Data items:
◆ ◆ ◆
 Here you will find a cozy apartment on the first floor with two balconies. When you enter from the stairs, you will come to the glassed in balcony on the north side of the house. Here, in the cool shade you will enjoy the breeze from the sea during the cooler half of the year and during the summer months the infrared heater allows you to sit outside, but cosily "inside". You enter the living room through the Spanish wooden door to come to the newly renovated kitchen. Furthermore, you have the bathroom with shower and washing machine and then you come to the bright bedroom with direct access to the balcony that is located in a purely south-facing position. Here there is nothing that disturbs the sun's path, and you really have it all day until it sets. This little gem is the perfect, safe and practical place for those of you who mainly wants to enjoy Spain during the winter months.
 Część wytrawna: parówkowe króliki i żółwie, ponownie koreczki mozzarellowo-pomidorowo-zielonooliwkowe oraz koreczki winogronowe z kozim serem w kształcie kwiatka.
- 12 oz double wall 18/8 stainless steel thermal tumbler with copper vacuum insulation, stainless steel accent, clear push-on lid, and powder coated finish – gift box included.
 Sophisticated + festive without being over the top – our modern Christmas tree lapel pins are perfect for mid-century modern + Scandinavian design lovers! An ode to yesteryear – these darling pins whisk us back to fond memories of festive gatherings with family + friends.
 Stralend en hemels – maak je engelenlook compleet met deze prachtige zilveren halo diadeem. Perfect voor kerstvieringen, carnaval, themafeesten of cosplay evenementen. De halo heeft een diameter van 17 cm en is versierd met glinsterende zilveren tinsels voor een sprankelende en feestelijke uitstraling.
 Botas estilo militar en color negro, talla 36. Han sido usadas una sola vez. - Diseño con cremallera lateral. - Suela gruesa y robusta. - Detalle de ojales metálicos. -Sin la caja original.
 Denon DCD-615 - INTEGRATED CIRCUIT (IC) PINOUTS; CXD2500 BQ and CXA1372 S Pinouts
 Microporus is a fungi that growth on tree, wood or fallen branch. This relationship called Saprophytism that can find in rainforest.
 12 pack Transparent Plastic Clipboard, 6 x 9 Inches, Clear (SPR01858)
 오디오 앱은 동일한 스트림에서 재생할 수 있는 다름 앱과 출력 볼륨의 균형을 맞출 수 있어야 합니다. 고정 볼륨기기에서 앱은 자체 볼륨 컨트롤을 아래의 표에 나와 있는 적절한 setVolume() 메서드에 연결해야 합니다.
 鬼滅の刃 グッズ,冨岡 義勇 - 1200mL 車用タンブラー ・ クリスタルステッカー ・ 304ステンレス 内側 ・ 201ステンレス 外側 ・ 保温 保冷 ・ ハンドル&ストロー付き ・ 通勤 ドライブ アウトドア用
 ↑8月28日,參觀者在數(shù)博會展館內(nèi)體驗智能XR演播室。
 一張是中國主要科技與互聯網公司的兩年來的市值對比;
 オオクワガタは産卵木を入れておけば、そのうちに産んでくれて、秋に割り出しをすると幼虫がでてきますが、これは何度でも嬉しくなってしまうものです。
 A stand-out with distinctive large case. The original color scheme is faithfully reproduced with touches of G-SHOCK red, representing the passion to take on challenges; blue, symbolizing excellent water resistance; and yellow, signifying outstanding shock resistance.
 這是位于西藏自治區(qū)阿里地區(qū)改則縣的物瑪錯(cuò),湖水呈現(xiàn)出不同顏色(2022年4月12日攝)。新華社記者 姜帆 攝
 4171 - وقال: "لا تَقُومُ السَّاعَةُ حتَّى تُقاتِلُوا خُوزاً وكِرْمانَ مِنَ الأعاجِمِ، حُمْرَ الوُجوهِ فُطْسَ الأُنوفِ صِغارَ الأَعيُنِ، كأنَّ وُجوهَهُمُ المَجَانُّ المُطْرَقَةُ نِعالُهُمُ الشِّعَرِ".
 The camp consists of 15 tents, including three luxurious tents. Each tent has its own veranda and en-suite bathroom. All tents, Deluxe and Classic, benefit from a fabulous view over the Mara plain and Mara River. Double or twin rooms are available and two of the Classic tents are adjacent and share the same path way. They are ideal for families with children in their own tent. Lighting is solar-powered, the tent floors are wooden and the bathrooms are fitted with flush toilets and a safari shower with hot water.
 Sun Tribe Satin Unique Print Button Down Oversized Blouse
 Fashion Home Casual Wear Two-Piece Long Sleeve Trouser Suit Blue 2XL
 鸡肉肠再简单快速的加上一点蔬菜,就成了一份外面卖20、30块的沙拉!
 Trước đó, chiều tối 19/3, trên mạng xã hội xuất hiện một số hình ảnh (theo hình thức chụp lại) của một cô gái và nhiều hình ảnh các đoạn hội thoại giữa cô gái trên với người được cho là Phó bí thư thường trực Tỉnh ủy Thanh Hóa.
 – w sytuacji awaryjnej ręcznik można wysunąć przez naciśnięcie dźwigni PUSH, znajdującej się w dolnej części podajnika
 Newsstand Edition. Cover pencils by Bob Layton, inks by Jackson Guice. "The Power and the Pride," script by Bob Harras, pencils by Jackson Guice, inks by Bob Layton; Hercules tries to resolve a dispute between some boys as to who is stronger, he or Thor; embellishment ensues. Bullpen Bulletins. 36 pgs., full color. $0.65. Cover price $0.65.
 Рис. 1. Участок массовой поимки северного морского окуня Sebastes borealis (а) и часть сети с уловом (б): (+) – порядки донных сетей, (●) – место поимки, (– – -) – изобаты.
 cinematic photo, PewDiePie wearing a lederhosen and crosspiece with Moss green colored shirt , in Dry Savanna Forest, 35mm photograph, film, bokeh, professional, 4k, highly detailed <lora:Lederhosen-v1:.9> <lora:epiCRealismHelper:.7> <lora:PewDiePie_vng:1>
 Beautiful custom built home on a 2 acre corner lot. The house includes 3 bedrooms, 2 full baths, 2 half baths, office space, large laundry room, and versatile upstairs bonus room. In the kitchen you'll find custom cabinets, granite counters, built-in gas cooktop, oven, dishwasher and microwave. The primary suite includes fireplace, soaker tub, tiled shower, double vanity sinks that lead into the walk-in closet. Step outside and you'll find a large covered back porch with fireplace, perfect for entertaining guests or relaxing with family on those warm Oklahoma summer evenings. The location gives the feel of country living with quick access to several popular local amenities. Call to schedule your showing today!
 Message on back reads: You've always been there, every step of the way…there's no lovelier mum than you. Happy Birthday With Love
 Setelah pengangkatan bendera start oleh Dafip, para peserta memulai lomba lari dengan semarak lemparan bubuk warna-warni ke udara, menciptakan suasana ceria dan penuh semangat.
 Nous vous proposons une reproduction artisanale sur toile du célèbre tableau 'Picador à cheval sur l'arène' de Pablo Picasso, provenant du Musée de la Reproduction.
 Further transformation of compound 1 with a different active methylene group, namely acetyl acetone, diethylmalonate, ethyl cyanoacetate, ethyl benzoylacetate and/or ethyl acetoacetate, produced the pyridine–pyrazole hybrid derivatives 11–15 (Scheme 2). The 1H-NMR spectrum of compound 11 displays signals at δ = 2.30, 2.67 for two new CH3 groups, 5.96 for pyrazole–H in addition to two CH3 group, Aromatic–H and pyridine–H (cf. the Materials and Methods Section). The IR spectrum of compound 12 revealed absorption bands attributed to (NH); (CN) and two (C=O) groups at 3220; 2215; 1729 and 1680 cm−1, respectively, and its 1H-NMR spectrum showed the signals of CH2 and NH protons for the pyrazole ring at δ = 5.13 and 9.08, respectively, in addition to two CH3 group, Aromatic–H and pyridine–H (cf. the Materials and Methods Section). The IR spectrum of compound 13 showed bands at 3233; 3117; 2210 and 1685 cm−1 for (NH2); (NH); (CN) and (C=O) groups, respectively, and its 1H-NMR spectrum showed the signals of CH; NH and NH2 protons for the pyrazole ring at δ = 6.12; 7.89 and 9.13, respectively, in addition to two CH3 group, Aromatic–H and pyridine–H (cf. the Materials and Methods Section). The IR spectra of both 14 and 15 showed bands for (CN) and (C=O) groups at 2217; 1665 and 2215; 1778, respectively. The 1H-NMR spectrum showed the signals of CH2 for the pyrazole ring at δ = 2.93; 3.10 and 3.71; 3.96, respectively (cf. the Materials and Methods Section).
◆ ◆ ◆
▶ [Exercise] Transcribe only the lines from the beginning of the entries to the line with "Sophisticated + festive", inclusive, exactly as written.

▶ [Solution below]
 Here you will find a cozy apartment on the first floor with two balconies. When you enter from the stairs, you will come to the glassed in balcony on the north side of the house. Here, in the cool shade you will enjoy the breeze from the sea during the cooler half of the year and during the summer months the infrared heater allows you to sit outside, but cosily "inside". You enter the living room through the Spanish wooden door to come to the newly renovated kitchen. Furthermore, you have the bathroom with shower and washing machine and then you come to the bright bedroom with direct access to the balcony that is located in a purely south-facing position. Here there is nothing that disturbs the sun's path, and you really have it all day until it sets. This little gem is the perfect, safe and practical place for those of you who mainly wants to enjoy Spain during the winter months.
 Część wytrawna: parówkowe króliki i żółwie, ponownie koreczki mozzarellowo-pomidorowo-zielonooliwkowe oraz koreczki winogronowe z kozim serem w kształcie kwiatka.
- 12 oz double wall 18/8 stainless steel thermal tumbler with copper vacuum insulation, stainless steel accent, clear push-on lid, and powder coated finish – gift box included.
 Sophisticated + festive without being over the top – our modern Christmas tree lapel pins are perfect for mid-century modern + Scandinavian design lovers! An ode to yesteryear – these darling pins whisk us back to fond memories of festive gatherings with family + friends.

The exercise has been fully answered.